The elevator starts from rest at the first floor of the building. It can accelerate at $5 ft/{ s }^{ 2 }$ and then decelerate at $2 ft/{ s }^{ 2 }$. Determine the shortest time it takes to reach a floor 40 ft above the ground. The elevator starts from rest and then stops.
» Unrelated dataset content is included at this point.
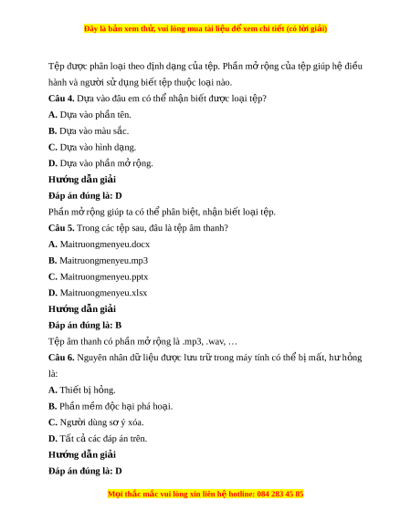 Đây là bản xem th , vu ử i lòng mua tài li u ệ đ xe ể m chi ti t (c ế ó l i ờ gi i ả ) Tệp đư c phân l ợ o i ạ theo đ nh d ị ng c ạ a ủ t p. Ph ệ n m ầ r ở ng c ộ a t ủ p gi ệ úp h đi ệ u ề hành và ngư i ờ sử d ng bi ụ t ế tệp thu c ộ lo i ạ nào. Câu 4. D a ự vào đâu em có th nh ể n ậ bi t ế đư c l ợ o i ạ t p? ệ A. D a ự vào ph n t ầ ên. B. D a vào m ự àu s c. ắ C. D a ự vào hình d ng. ạ D. D a ự vào ph n m ầ r ở ng. ộ Hư ng d ớ ẫn gi i ả Đáp án đúng là: D Ph n m ầ r ở ng gi ộ úp ta có th phân bi ể t ệ , nh n bi ậ t ế lo i ạ t p. ệ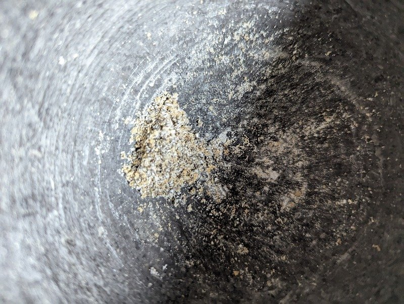 - Die Schalen aus dem Mörser entfernen.

Draw the at, vt, and st graphs for the motion.

## Step-by-step

\begin{aligned} + \uparrow \quad &{ v }_{ 2 } = { v }_{ 1 } + { a }_{ c } { t }_{ 1 } \\ &{ v }_{ max } = 0 + 5 { t }_{ t1 } \end{aligned} \\ \begin{aligned} + \uparrow \quad &{ v }_{ 3 } = { v }_{ 2 } + { a }_{ c } { t } \\ & 0 = { v }_{ max } – 2 { t }_{ 2 } \end{aligned}

Thus

\quad\quad\space\space\space { t }_{ 1 } = 0.4 { t }_{ 2 } \\ \begin{aligned} + \uparrow \quad & { s }_{ 2 } = { s }_{ 1 } + { v }_{ 1 } { t }_{ 1 } \frac { 1 } { 2 } { a }_{ c } { t }_{ 1 }^{ 2 } \\ & h = 0 + 0 + \frac { 1 } { 2 } (5)({ t }_{ 1 }^{ 2 }) = 2.5 \space { t }_{ 1 }^{ 2 } \end{aligned} \\ + \uparrow 40 – h = 0 + { { v }_{ max } }^{ t_2 } – \frac{ 1 } { 2 }(2) { t }_{ 2 }^{ 2 } \\ + \uparrow { v }^{ 2 } = { v }_{ 1 }^{ 2 } + 2 { a }_{ c } ( { s } – { s }_{ 1 } ) \\ { v }_{ max }^{ 2 } = 0 + 2(5)(h – 0) \\ { v }_{ max }^{ 2 } = 10h \\ 0 = { v }_{ max }^{ 2 } + 2(-2)(40 – h) \\ { v }_{ max }^{ 2 } = 160 – 4h

Thus,

$10 h = 160 – 4h \\ h = 11.429 ft \\ { v }_{ max } = 10.69 ft/s \\ { t }_{ 1 } = 2.138s \\ { t }_{ 2 } = 5.345s \\ t = { t }_{ 1 } + { t }_{ 2 } = 7.48s$

When t = 2.145, $v = { v }_{ max } = 10.7 ft/s$ and h = 11.4 ft.